A healing hand

irst of all, I would like to give my sincerest condolence to everyone who is grieving the loss of someone dear to them. I hope you find your way through those hard times. Losing someone and the grieving process that follows can be painful, stressful, confusing and alienating no matter where you are, not least at a place like Williams, where your workload can dominate your schedule, mood and stress levels. Through my experience I have come to believe that displays of grief, sorrow and general unhappiness are not accepted at Williams; that mental health is not given the time and attention it deserves by students, despite efforts by the administration; and that this can exacerbate unhappiness.

When my best friend passed away February last year my world was turned upside down. I spent two weeks at home with friends and family sharing the loss. When I returned to Williams I felt utterly lost and stifled. Being surrounded by people whose lives continue normally while you have just experienced a life-altering event like losing a loved one is very alienating. It is next to impossible to simply go through the daily routine like everyone else when you have emotions and questions about life flying through your mind.
When people asked me how I was doing I couldn’t answer honestly (“terrible” followed by a breakdown would have been my truthful response) because I felt it was inappropriate to constantly be crying in the middle of Paresky or Schow. I wondered whether this taboo could have been a construct of my imagination. However, I have since spoken with many people who have expressed the same resentment towards this suppression – of negative emotion in general and, more particularly, displays of negative emotion – that is part of the Williams culture. When asked how I was doing, I had to lie to others and to myself and say “OK,” so as not to disturb the normal social interactions. I felt that when people asked me how I was doing they did so merely as a formality. Again, this may actually have just been my perception, but to those asking, my countenance surely should have given away that I was not “OK.” Nonetheless, that answer was accepted quickly as they moved on to their next commitment.

I can’t blame people for not stopping to talk, for moving on, given the obscene workloads and pressures we are subjected to as Williams students.

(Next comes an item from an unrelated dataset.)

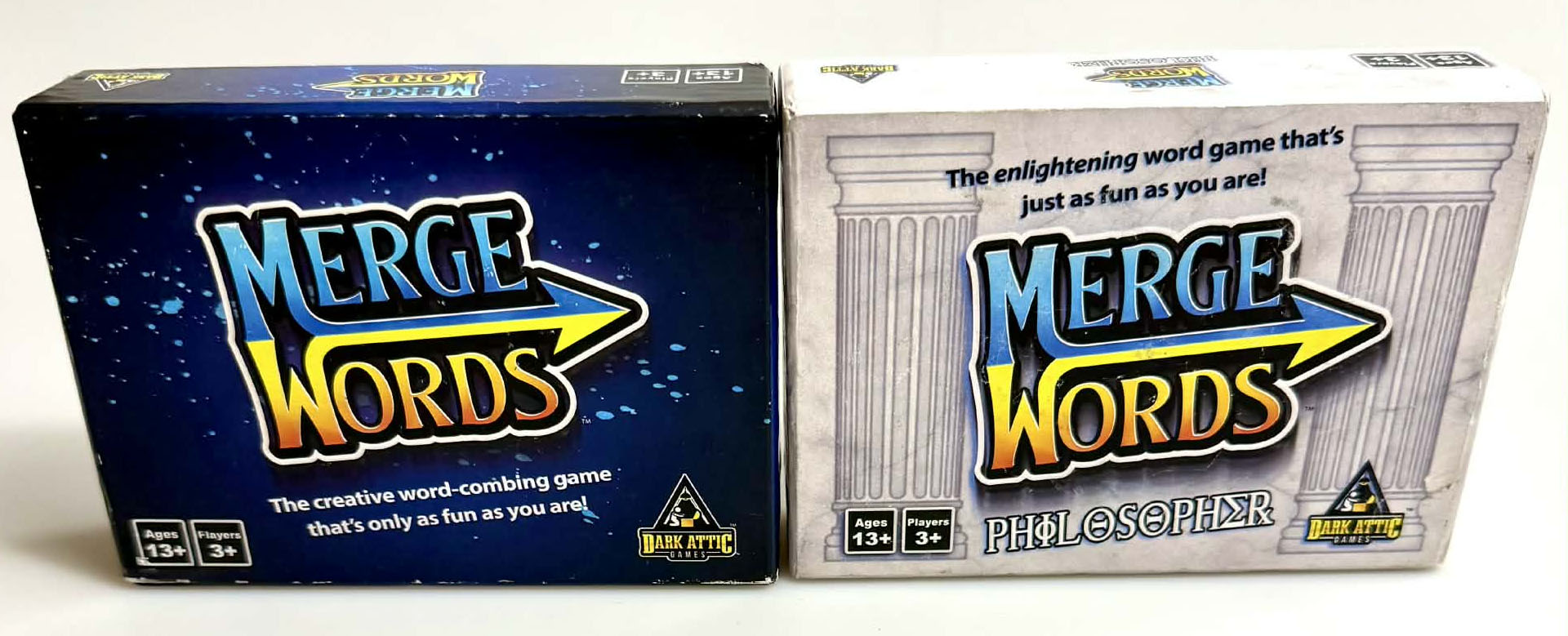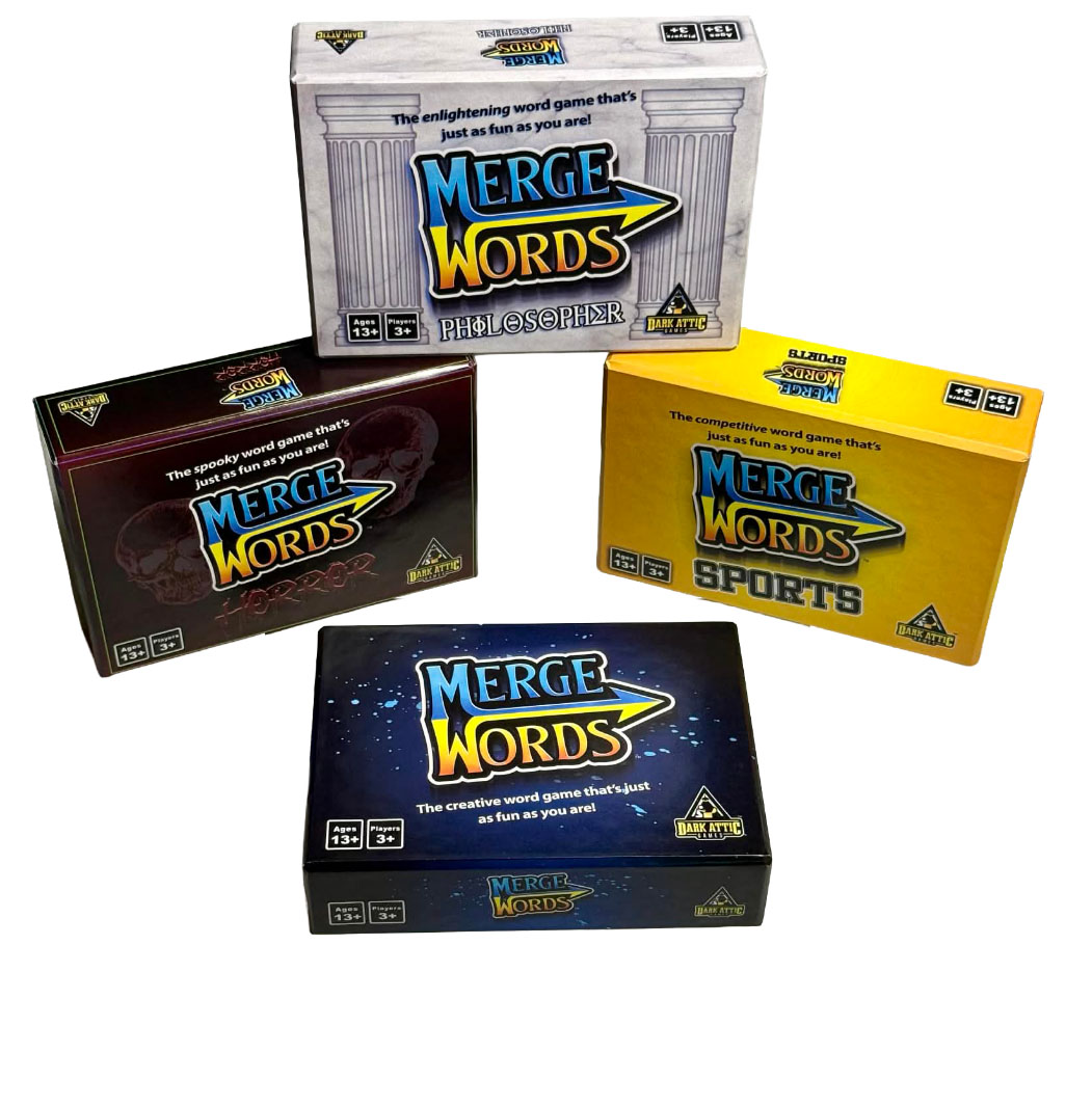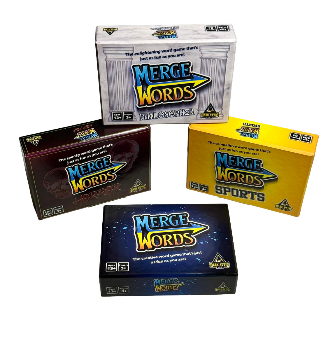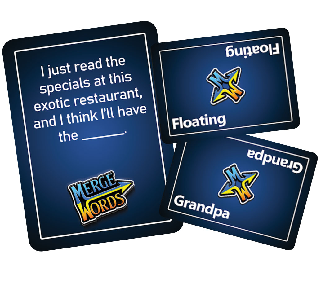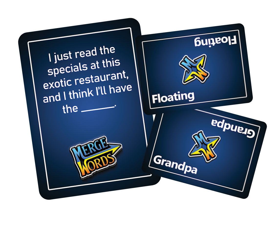 With the 4 different versions and the additional themed packs, there are tons of possible card combos and modes for gameplay variations. The creativity comes from players creating MergeWords, and the "Choosider," who decides which funny (or outrageous) criteria that players use to build their MergeWords.

I felt guilty whenever I did answer truthfully because I was burdening whomever I was talking to (or crying on) with my unhappiness. I even felt guilty when talking with my closest friend on campus because I was using so much of her time. Surely, I thought, she must have had more “important” things to do like work, athletics or partying. The fact that I could not even talk to my close friends without feeling guilt when I was distressed for a prolonged period of time shows just how pervasive the suppression of emotion by academic time constraints and pressures is. The Williams culture is so filled with academics, athletics and partying that students often fail to address their own mental health or assist their friends, even when they are begging for attention. This neglect to address unhappiness can only prolong and deepen it.

Personally, I was very lucky in that Rick Spalding, chaplain of the College, who is on sabbatical this semester, reached out to me. I started attending his weekly grief support group, Life Raft. As an atheist I was initially worried that it would be a group that focused on or drew on religious teachings extensively. In all my meetings with Rick, though, we never once discussed religion. Meetings were normally just he and I talking. When other students came it was very comforting and helpful to be with someone who was experiencing the grieving process as well. There was none of the structured format that I had associated with the phrase “support group.” These meetings provided and continue to provide a comfortable atmosphere in which I am free to express my emotions and release what had been building up through the week.

I am holding the meetings while Rick is away, so that this open, caring environment remains on our campus. Meetings are every Tuesday from 9 p.m. to 10 p.m. in the O’Connell room in the lower level of Thompson Chapel. I hope that any student or member of the College community who has lost someone, recently or years ago, will join me in discussing personal experiences and the attitudes towards grief on campus, and in supporting one another through very difficult times. Nobody should have to cope with the loss of a loved one alone.